Obama comes into the voting with an edge of 145 delegates, per ABC’s delegate scorecard, and proportional allocation means that the lead is unlikely to shrink substantially on Tuesday.

And how will voters and delegates view this final flash of the two edges that are Bill Clinton’s sword? Asked about his infamous Jesse Jackson comments in South Carolina, the former president tells WHYY, “I think that they played the race card on me. And we now know, from memos from the campaign and everything that they planned to do it all along.”

“I was stating a fact, and it’s still a fact,” he adds, referring to Obama’s support among black voters. (And beware the open mic—and open-ended questions like this one, Mr. President: As the phone interview ends, Bill Clinton says, “I don’t think I should take any sh-t from anybody on that, do you?")

Obama did what he could (and then some) to downplay expectations. Said Obama: “I’m not predicting a win. . . . I’m predicting that it’s going to be close and that we are going to do a lot better than people expect.” Said chief strategist David Axelrod: “I am not standing here telling you we expect to win. . . . I don’t think anybody expects us to win.”

Obama had gone 10 days without a press conference, and he wasn’t about to answer questions over breakfast Monday morning: “Why can’t I just eat my waffle?” Obama said, in one of the less-advisable election-eve utterances. (Get the feeling the RNC is ready to let him eat as many “waffles”—or French toast—as he wants in the general election?)

Clinton set expectations Tuesday morning on “Good Morning America”: “I have to win. I believe that’s my task,” she told ABC’s Chris Cuomo. “I don’t see how a Democrat wins the White House without winning Pennsylvania.”

Clinton is the prohibitive favorite, despite Obama’s lapping of the field in ad spending—but her problem is that everybody knows this already. Clinton is the victim of the expectations game—not to mention the fact that she’s trailing in the race.

“In what may seem like a paradox, the Clinton victory predicted by nearly all public opinion polls might actually turn out to be a loss if she doesn’t win by a significant margin,” Peter Wallstein writes in the Los Angeles Times.

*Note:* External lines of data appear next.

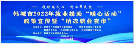 中经网讯 为深入推进陕西省就业援助“暖心活动”,集中优势力量为有就业意愿的人员送岗位、送服务、送政策、送温暖,帮扶稳定就业。8月12日晚7时,由市人社局、市退役军人事务局、市总工会、市妇联、市残联等部门联合主办,以“援助暖民心,就业解民忧”为主题的韩城市2022年就业援助“暖心活动”政策宣传暨“纳凉就业夜市”现场招聘会拉开帷幕。市政府副市长,市公安局党委书记、局长师正利出席启动仪式并致辞,市人社局、市退役军人事务局、市总工会、市妇联、市残联等负责人以及各镇办相关人员参加。
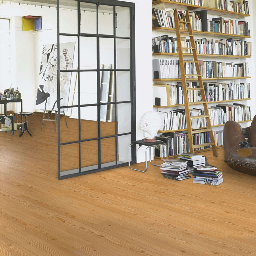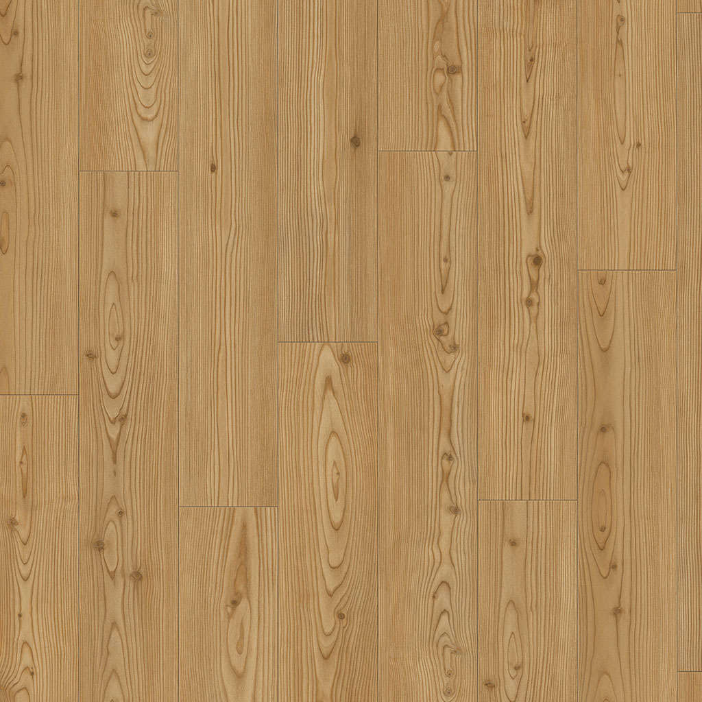 Este suelo laminado destaca por su gran calidez, en la tonalidad de los marrones claros y dorados. Consigue un efecto muy personal y auténtico. La imitación de la madera de alerce, en su versión más natural, combina muy bien en ambientes más clásicos y rústicos. Es adecuado tanto en espacios amplios como reducidos, logrando un ambiente alegre y acogedor. El protagonismo de las vetas y nudos de la madera te ayudará a conseguir ese efecto de naturalidad y autenticidad que imita a la madera con gran realismo. Para crear un bonito contrapunto con la decoración, escoge el mobiliario y los textiles en tonos más claros. Conseguirás crear un mayor contraste y un resultado muy atractivo.
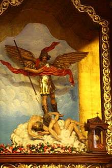 Located at the foot of the image of Saint Michael on the main retablo is a relic of the Apparition of Saint Michael in Italy. Recalling the history of the said apparition, a herdsman named Gargan was pasturing his heard in the area when a bull wandered off into the mountains and went inside a cave. After locating the cave where the bull sought refuge, a man shot an arrow inside the cave but mysteriously bounced back and shot the one who released the arrow. With the puzzling event, the people sought the help of the local bishop. It is said the Saint Michael presented himself to the bishop and ordered the cave to be consecrated under his name.[4][5][6] It is now known as the Sanctuary of Monte Sant'Angelo. Relics associated with the said apparition, such as that found inside this church, may have been rocks chipped off from the cave or pieces of cloth that has touched it.[4]

“And if Obama keeps the results closer than some surveys suggest, he could be considered victorious—unless it appears that Clinton’s campaign has succeeded in casting doubt on his credentials to be commander in chief or his ability to win support in the fall from white, working-class voters.”

“Even if Obama is thumped by 10 to 20 percentage points in Pennsylvania, Clinton would not pick up enough delegates there to cut substantially into Obama’s lead,” Wallsten adds. “Obama strategists said Monday that they expected to announce a series of additional endorsements by uncommitted superdelegates shortly after Pennsylvania votes. A strong showing by Obama in Pennsylvania would give superdelegates more comfort in coming forward, but a bad loss might send them back to the assessment stage.”

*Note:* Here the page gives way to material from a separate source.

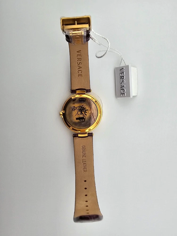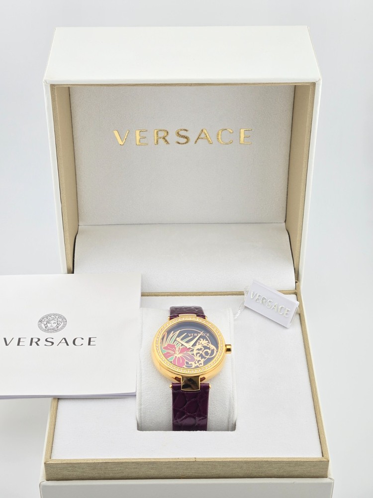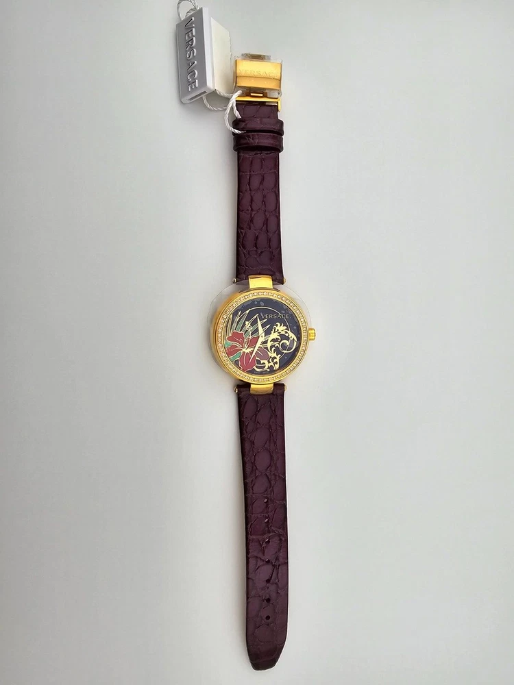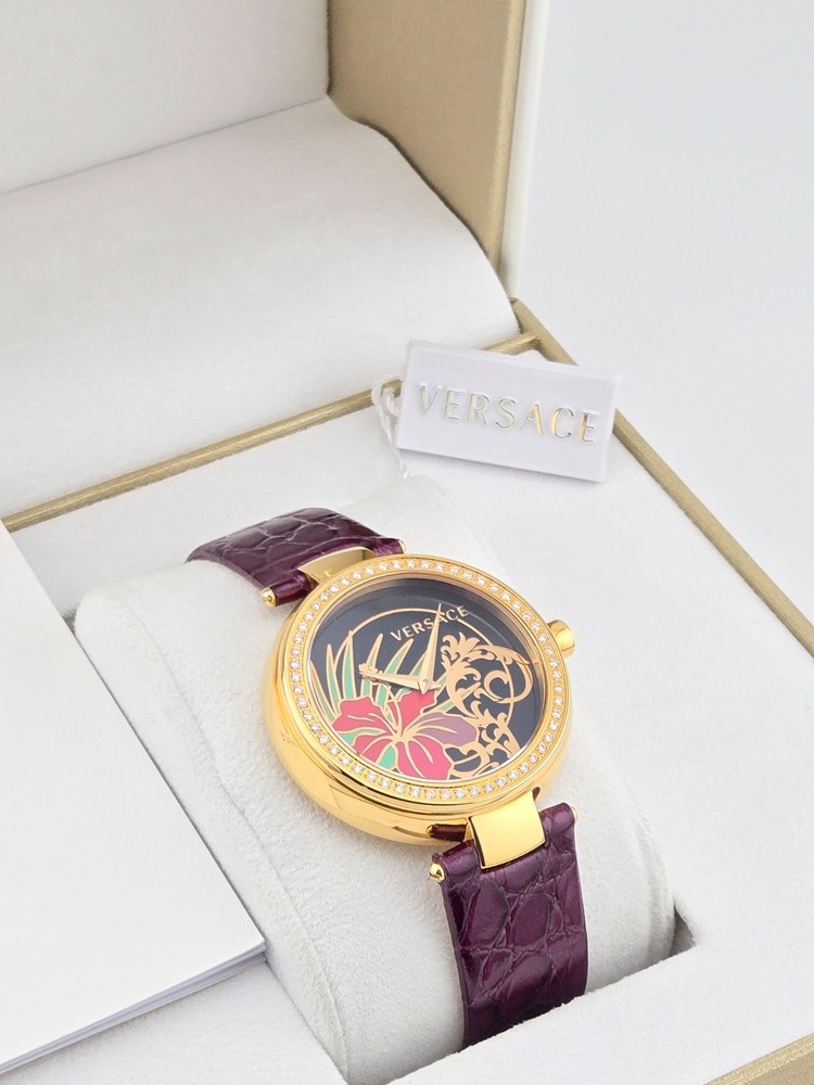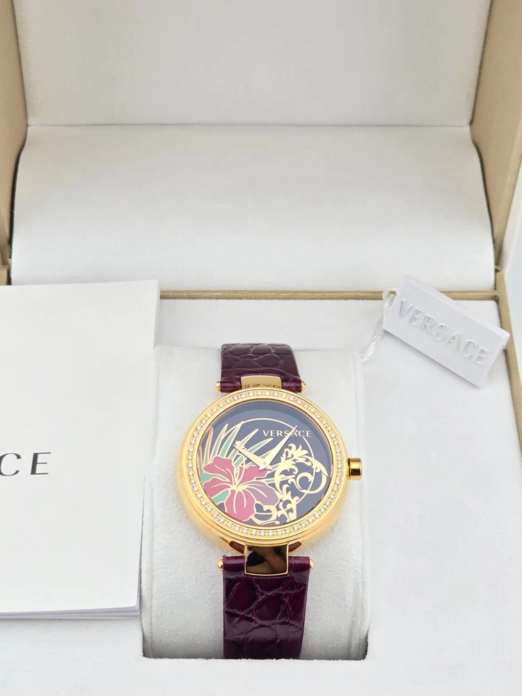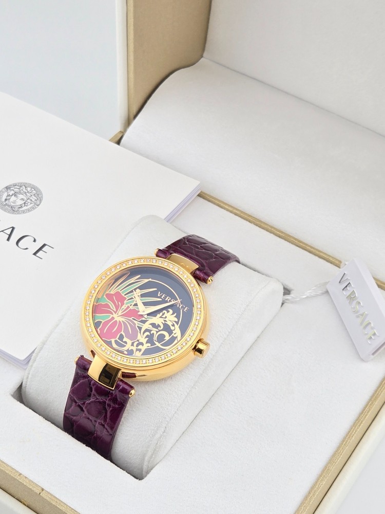 Versace Mystique Hibiscus Flower Dial Purple Watch – 19Q81D9HI-S702 ($5400 MSRP) New with Original Box and Tags! This watch is a Shelf Pull from one of the Major Department Stores. May find few micro scratches on the watch case/band, visible under a direct and strong light. Indulge in the allure of high fashion with the Versace Mystique Hibiscus Flower Dial Purple Watch – 19Q81D9HI-S702, a masterpiece that seamlessly blends opulence with sophisticated design. The watch features a striking gold PVD stainless steel case, which is elegantly complemented by a sumptuous purple leather strap. The fixed gold PVD bezel, adorned with dazzling diamonds, accentuates the luxurious nature of this timepiece, while the 38mm round case shape ensures a flattering fit on any wrist. The focal point of this exquisite watch is its unique hibiscus flower baroque dial, which is a testament to Versace's commitment to artistry and innovation. The dial's rich purple hue is beautifully contrasted by the gold-tone hands, adding a touch of regal elegance. With no markers to distract from its pure design, this analog watch emphasizes its sophisticated simplicity. Equipped with a scratch-resistant sapphire crystal and a water resistance of up to 50 meters, this watch offers both style and practicality. The quartz movement guarantees precise timekeeping, while the fold-over clasp ensures a secure and comfortable fit. Perfect for those who appreciate luxury and artistry, the Versace Mystique Hibiscus Flower Dial Purple Watch is a statement piece that combines timeless elegance with modern functionality. Features Gold PVD stainless steel case with a purple leather strap. Fixed gold PVD bezel set with diamonds. Hibiscus flower baroque dial with gold-tone hands. No markers. Dial Type: Analog. Quartz movement. Scratch resistant sapphire crystal. Pull / push crown. Solid case back. Case diameter: 38 mm. Round case shape. Fold over clasp. Water resistant at 50 meters / 165 feet. Functions: hour, minute. Fast and Free Shipping You're already purchasing the item. Why pay additional for shipping, especially slow shipping? We get your order shipped out within 1-business day and delivered to your doorstep as quickly as possible. Competitive Pricing With our dynamic pricing model, our prices are always competitive. Our prices are some of the lowest that you will find on the internet. Rest assured that you're getting a good deal when purchasing with us. 30-day Money Back Guarantee We are committed to making sure that you leave this transaction satisfied. If you're unhappy with the product for any reason, you may return it back for your money-back or a replacement within 30 days. No questions asked!

Writes Christina Bellantoni, of the Washington Times: “If Mrs. Clinton fails to get the big win, many Democrats believe the superdelegates will surge for Mr. Obama to end the divisive battle and unite to square off with presumptive Republican nominee Sen. John McCain.”

Clinton’s other nightmare: Pennsylvania could be another Nevada or Texas: “In Democratic strongholds, such as the 1st and 2nd districts, both in Philadelphia, participation rates are high, and those districts allocate seven and nine delegates, respectively,” Anne Kornblut and Paul Kane write in The Washington Post. “Obama could win seven of the nine delegate at stake in the 2nd District, and four of seven in the 1st, his campaign estimates.”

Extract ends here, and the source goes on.